** What to work on **
Using the data that follows, give again word for word the lines between the one holding "Foldernusantara | Luwu" and the one holding "4) Łazienka: prysznic, wisząca", inclusive. Omit the pictures.

** Supplied material **
§

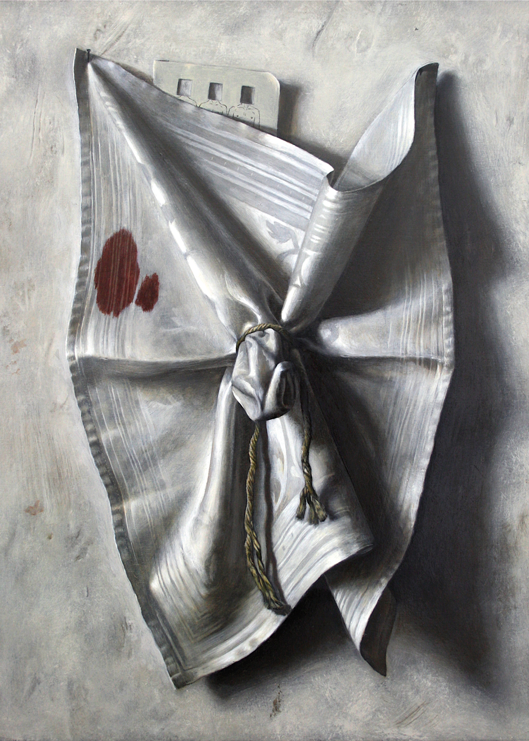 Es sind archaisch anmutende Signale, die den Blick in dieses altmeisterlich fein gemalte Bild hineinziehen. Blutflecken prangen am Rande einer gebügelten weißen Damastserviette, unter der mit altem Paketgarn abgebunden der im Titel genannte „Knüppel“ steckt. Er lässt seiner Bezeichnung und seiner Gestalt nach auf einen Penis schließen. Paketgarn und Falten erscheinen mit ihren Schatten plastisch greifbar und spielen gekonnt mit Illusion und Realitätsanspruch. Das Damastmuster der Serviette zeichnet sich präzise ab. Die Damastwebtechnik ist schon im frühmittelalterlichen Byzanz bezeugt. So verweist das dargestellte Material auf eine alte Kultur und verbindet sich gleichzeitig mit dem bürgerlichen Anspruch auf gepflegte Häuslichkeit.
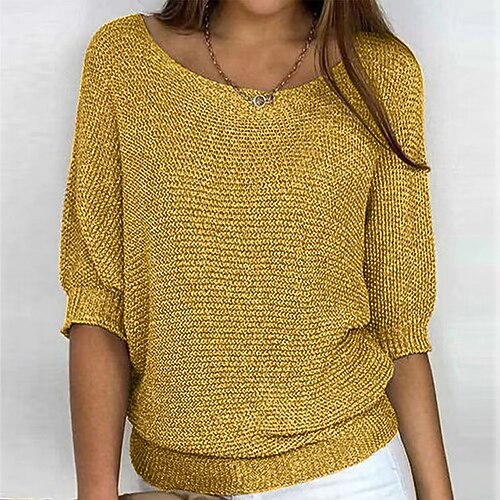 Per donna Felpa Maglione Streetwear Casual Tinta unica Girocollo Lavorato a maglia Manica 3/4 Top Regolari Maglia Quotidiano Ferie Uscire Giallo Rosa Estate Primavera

§

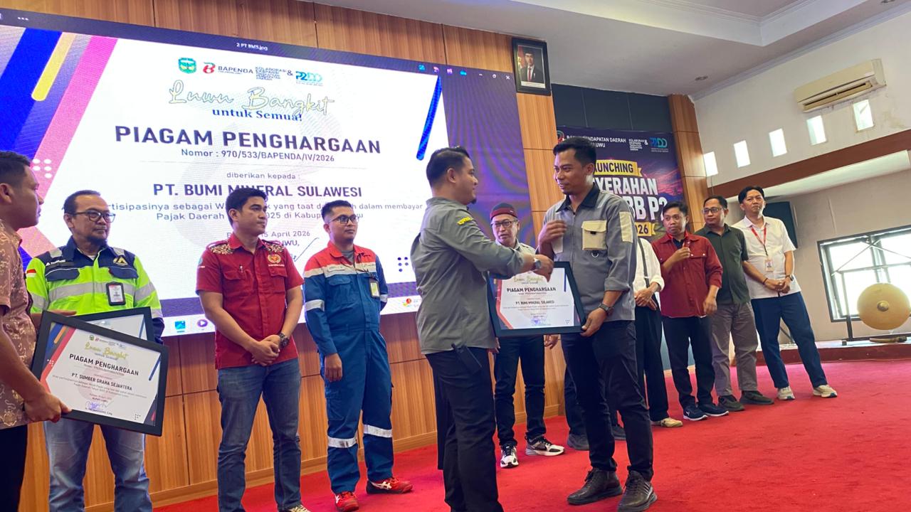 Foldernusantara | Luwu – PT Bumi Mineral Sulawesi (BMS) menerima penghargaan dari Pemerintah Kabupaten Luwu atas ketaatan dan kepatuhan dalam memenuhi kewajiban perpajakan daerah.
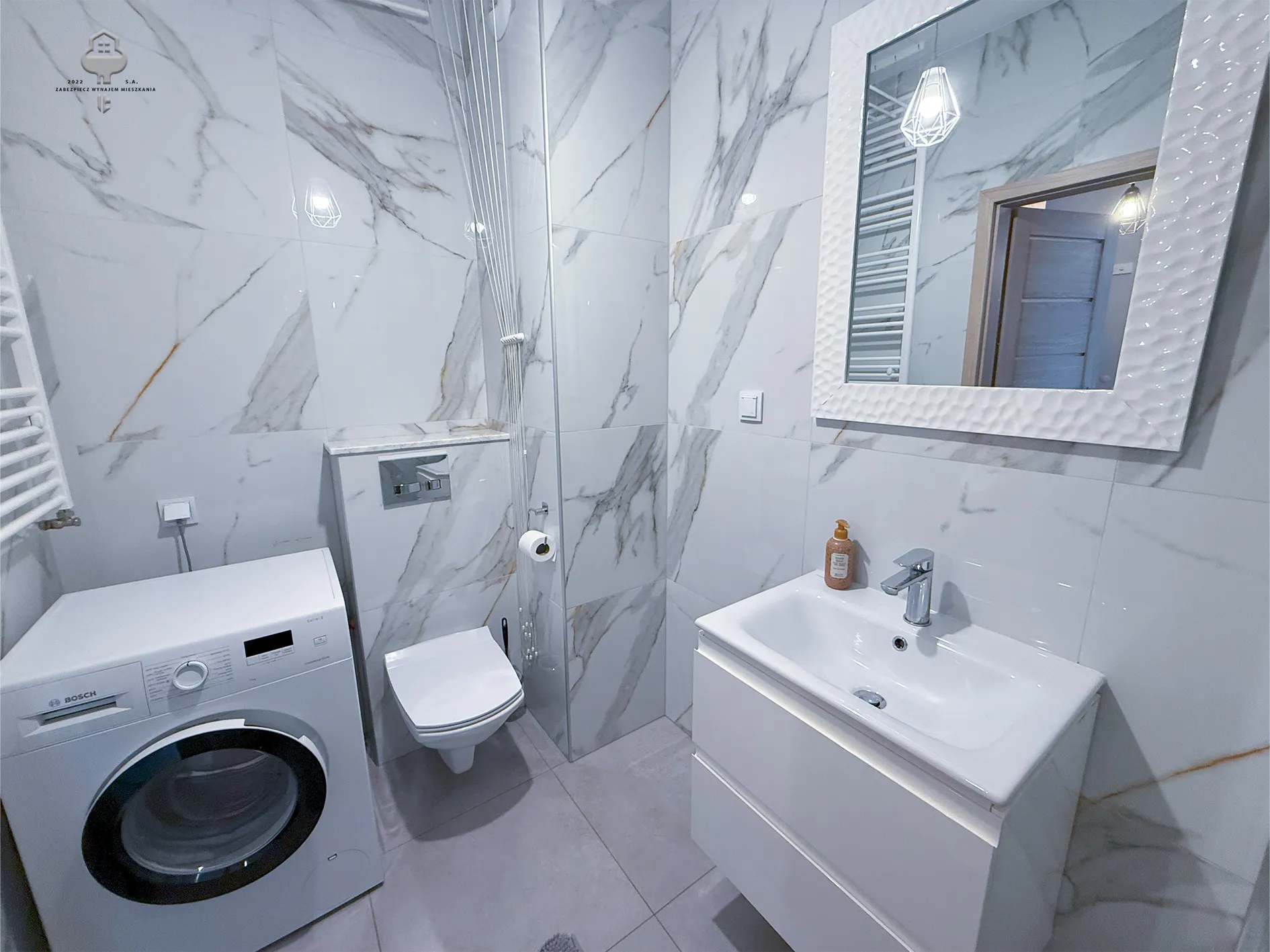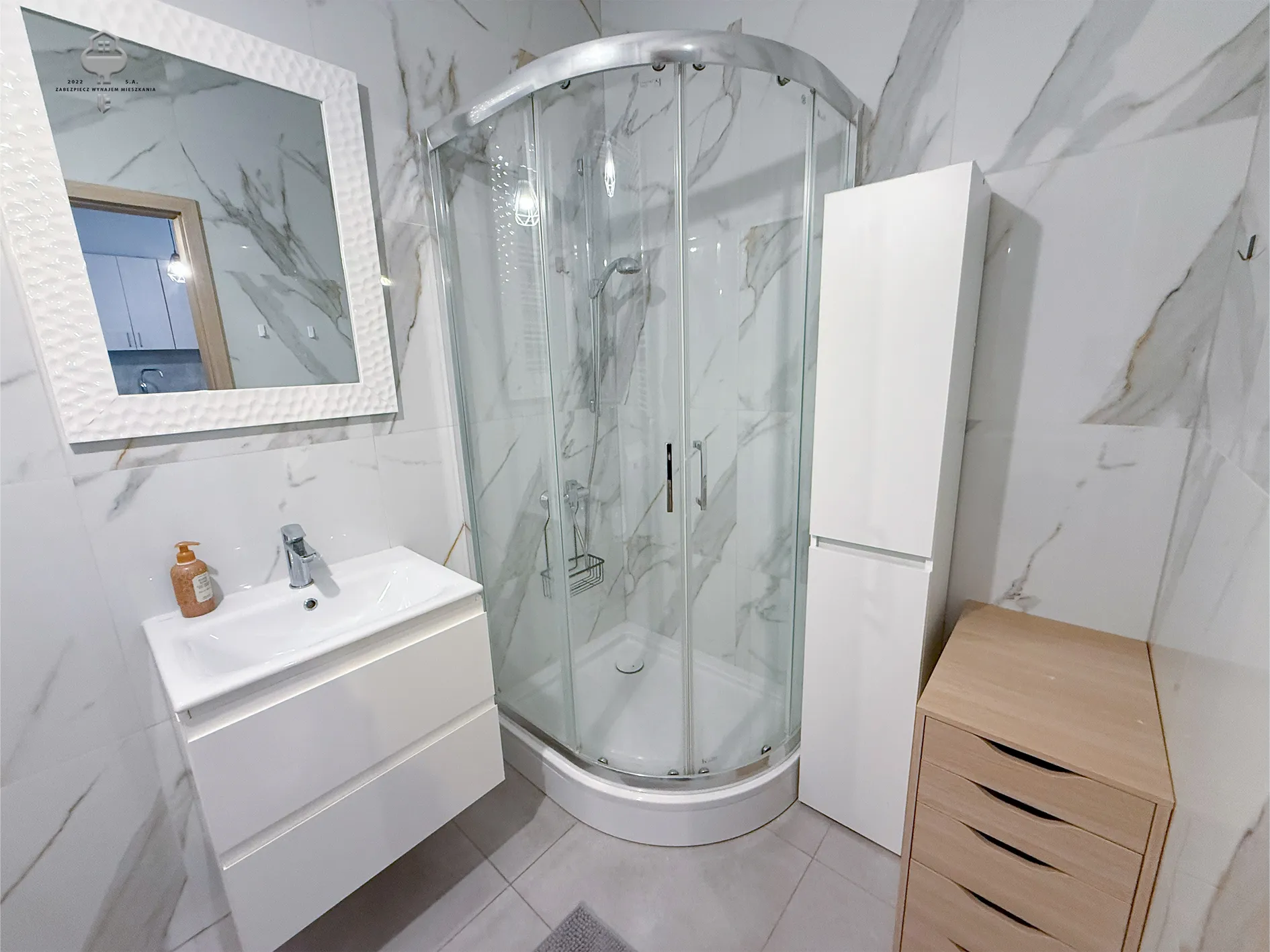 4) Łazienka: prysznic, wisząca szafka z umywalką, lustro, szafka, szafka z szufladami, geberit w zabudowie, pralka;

§

** Task answer **
 Foldernusantara | Luwu – PT Bumi Mineral Sulawesi (BMS) menerima penghargaan dari Pemerintah Kabupaten Luwu atas ketaatan dan kepatuhan dalam memenuhi kewajiban perpajakan daerah.
 4) Łazienka: prysznic, wisząca szafka z umywalką, lustro, szafka, szafka z szufladami, geberit w zabudowie, pralka;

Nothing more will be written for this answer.